Juan Suarez had faced
so many changes in his life—the impoverished village where he was raised, the arid border between Mexico and Texas, the unbearable passage in the airless trailer (no water, no toilets) across half of America to the gigantic, strange streets of Manhattan—that, after the first weeks in solitary confinement, he managed to find a tense regularity in his new life. He was up at five each morning, well before the siren wailed, a sound that could wake the dead. He washed his face in the small basin in his cell, shaved, and dressed in the jumpsuit he kept as neat and smooth as he could. At first, food was passed to him through a slot. Eventually, as he was awarded small liberties, he was allowed to eat breakfast at a table with black and Hispanic men. Ordered not to speak with anyone, he swept and mopped floors until lunch. He spent the afternoons resting quietly in his cell. One of the guards gave him books in Spanish. Educated by Catholic nuns until the seventh grade, he was a slow but competent reader. One of the books was
Don Quixote
. As early as the third page, he was laughing out loud in his cell. He had never known books could be funny. By the end of each tedious day, he was usually asleep before the lights went out.

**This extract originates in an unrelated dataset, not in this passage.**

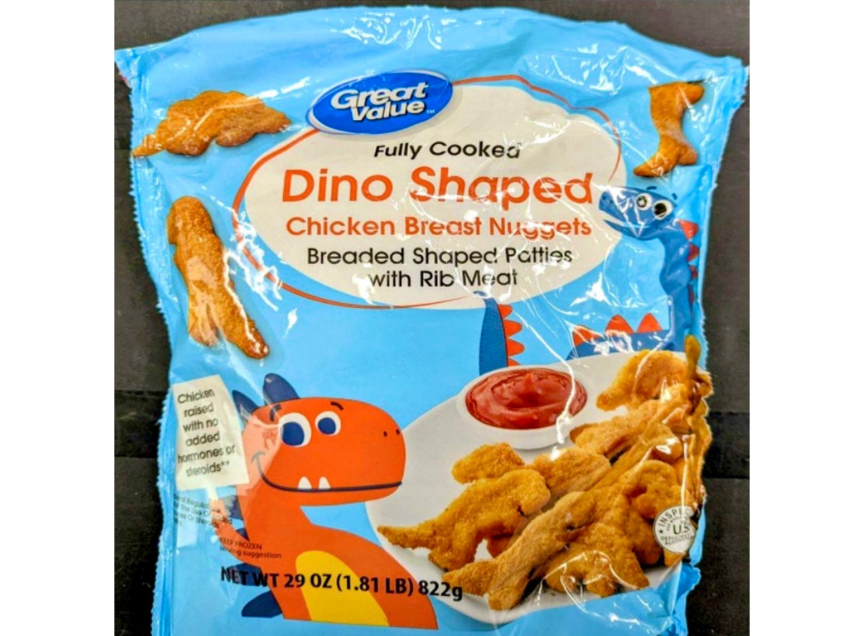 - 29-oz. plastic bags containing approx. 36 “GREAT VALUE FULLY COOKED DINO SHAPED CHICKEN BREAST NUGGETS” with “BEST IF USED BY” date “FEB 10, 2027,” lot code “0416DPO1215,” and establishment number “P44164” printed on the back of the bag.

And there were the two hours every Tuesday and Thursday when he was let into the exercise yard along with dozens of other men. He learned to play basketball: the pleasure of the fast runs,
the crafty passes, the graceful leaps. He had always been an instinctive, natural athlete. His basketball games were always with the black and Latino men.

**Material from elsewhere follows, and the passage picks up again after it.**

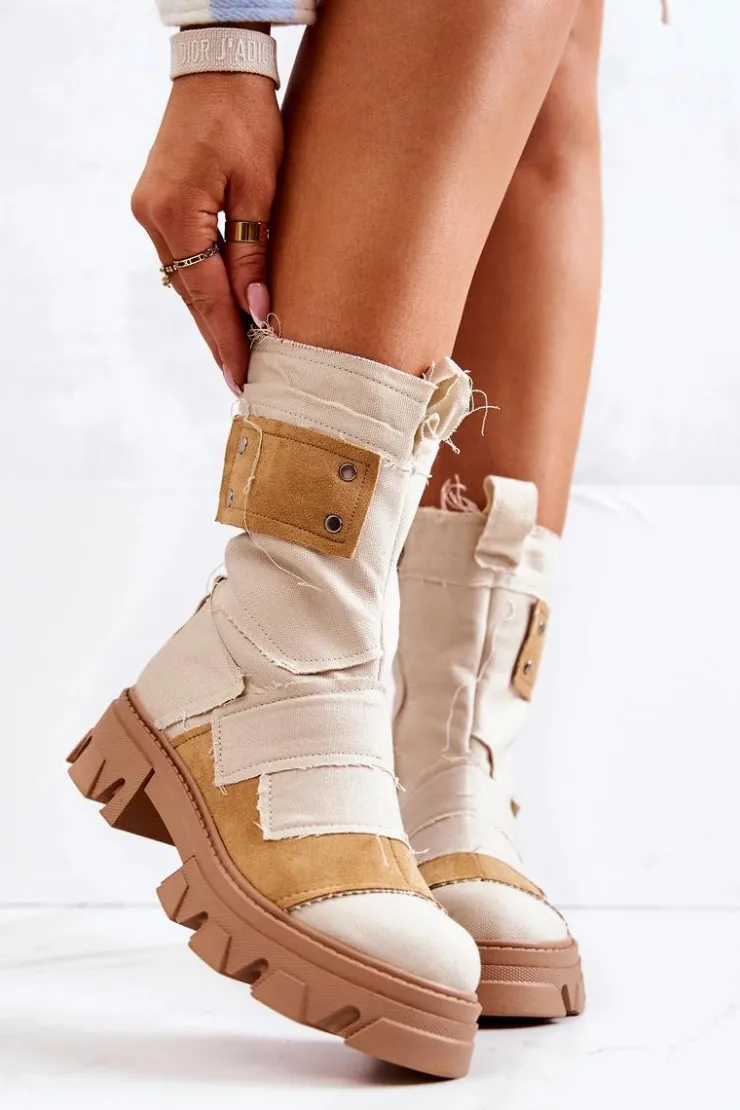 Wysokie botki – workery zostały wykonane z materiału tekstylnego. Masywna podeszwa z szerokim obcasem zapewnia stabilność na każdym kroku. Zapinane na suwak. Posiadają eko skórzaną wkładkę. Cholewka od środka jest wykonana z miękkiej tkaniny. Ciekawy wzór sprawi, że będziesz wyróżniać się spośród tłumu! Ten model to hit! Przy wyborze rozmiaru prosimy sugerować się tabelą rozmiarów.

And there were also the Friday visits from Raquel Rematti. Even at the first meeting Juan was at ease with her. They exchanged warm handshakes. Raquel wore tasteful suits, and Juan found that respectful. They often looked directly, calmly into each other’s eyes. After the first two visits, she had even started to kiss him quickly on the cheek when she left. He was looking forward to the day when he could give her a quick embrace. She was a shapely woman.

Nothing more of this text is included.